* **Supplied material**
- - - - -

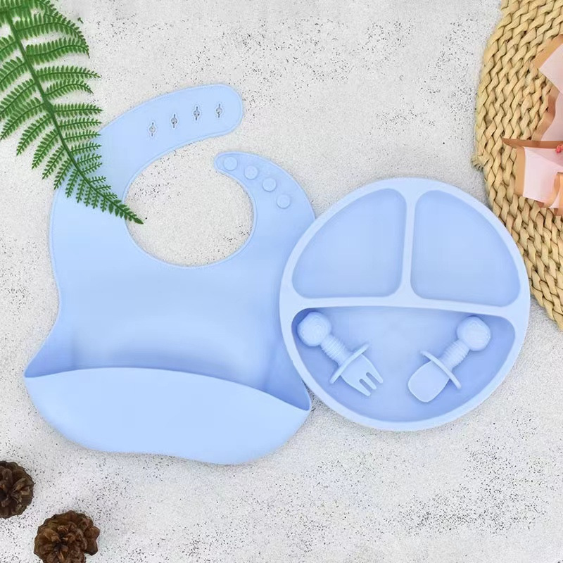 国境を越えた礼箱母子児童補助食シリカゲル食器皿フォークスプーンの周りのカトラリー8点セットは食事皿に耐えられる
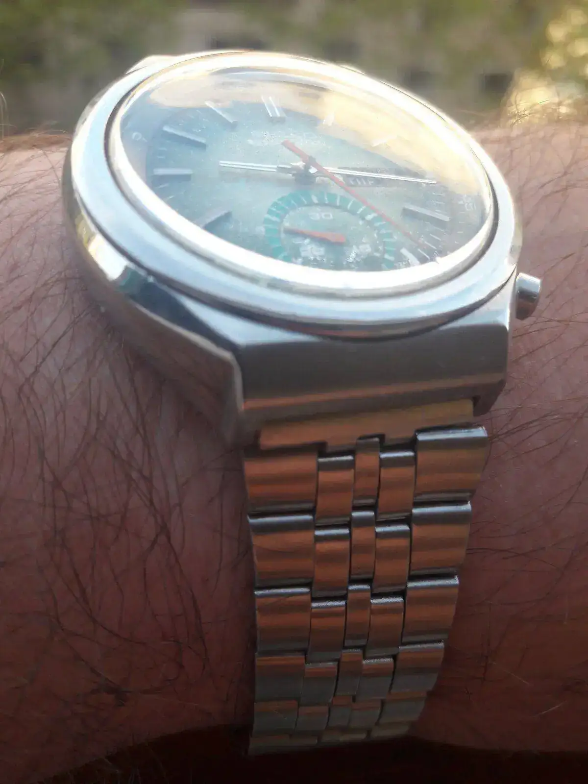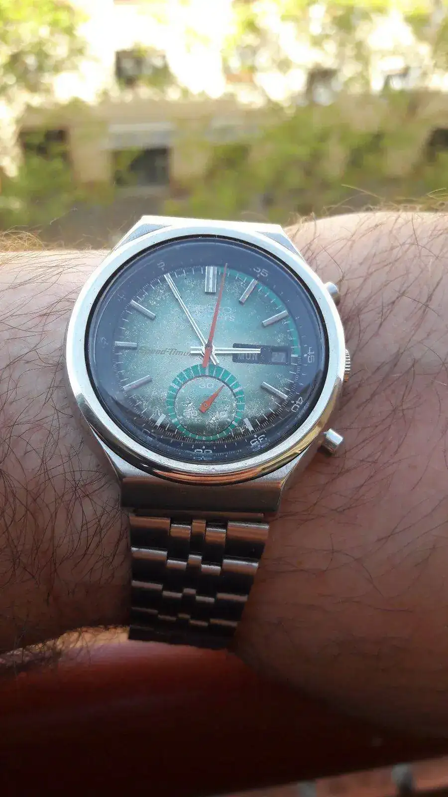 Buenas tardes distinguida concurrencia vintagera. Hoy voy tarde para mi lapidación diaria. Hoy volvemos a los cronos samuráis setenteros con uno bien raro de ver por estos lares. La esfera está bien ajada pero conserva todas sus grafías y un bello color que una vez fue más radiante. Os hablo de un Seiko 6139-7060 apodado green eye o big eye. Espero guste al respetable.
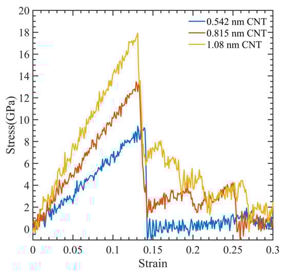 Figure 3 illustrates a stress–strain relationship, which enables the determination of ultimate tensile strength, ultimate tensile strain, and Young’s modulus. This relationship exhibits a brittle failure of the polymer matrix, and the final load-bearing capacity is due to the CNT fiber. Figure 4 displays the relationship between Young’s modulus and CNT radius. As the CNT diameter increases, an increase in Young’s modulus is observed, whereas the interaction energy of the system decreases. The relationship between the interaction energy and CNT diameter is determined by utilizing Equation (2).
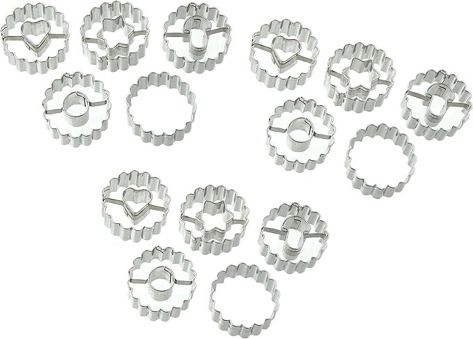 Material & Verarbeitung: Rostfreier Edelstahl, polierte, glatte Oberfläche.Set-Zusammensetzung & Formenvielfalt: Fünfzehn kleine Förmchen für Linzer-Plätzchen.

- - - - -

* **The task**
Everything from the first line of the listing above through the line that contains "Figure 3 illustrates" is to be restated word for word, minus the pictures.

* **Written response**
 国境を越えた礼箱母子児童補助食シリカゲル食器皿フォークスプーンの周りのカトラリー8点セットは食事皿に耐えられる
 Buenas tardes distinguida concurrencia vintagera. Hoy voy tarde para mi lapidación diaria. Hoy volvemos a los cronos samuráis setenteros con uno bien raro de ver por estos lares. La esfera está bien ajada pero conserva todas sus grafías y un bello color que una vez fue más radiante. Os hablo de un Seiko 6139-7060 apodado green eye o big eye. Espero guste al respetable.
 Figure 3 illustrates a stress–strain relationship, which enables the determination of ultimate tensile strength, ultimate tensile strain, and Young’s modulus. This relationship exhibits a brittle failure of the polymer matrix, and the final load-bearing capacity is due to the CNT fiber. Figure 4 displays the relationship between Young’s modulus and CNT radius. As the CNT diameter increases, an increase in Young’s modulus is observed, whereas the interaction energy of the system decreases. The relationship between the interaction energy and CNT diameter is determined by utilizing Equation (2).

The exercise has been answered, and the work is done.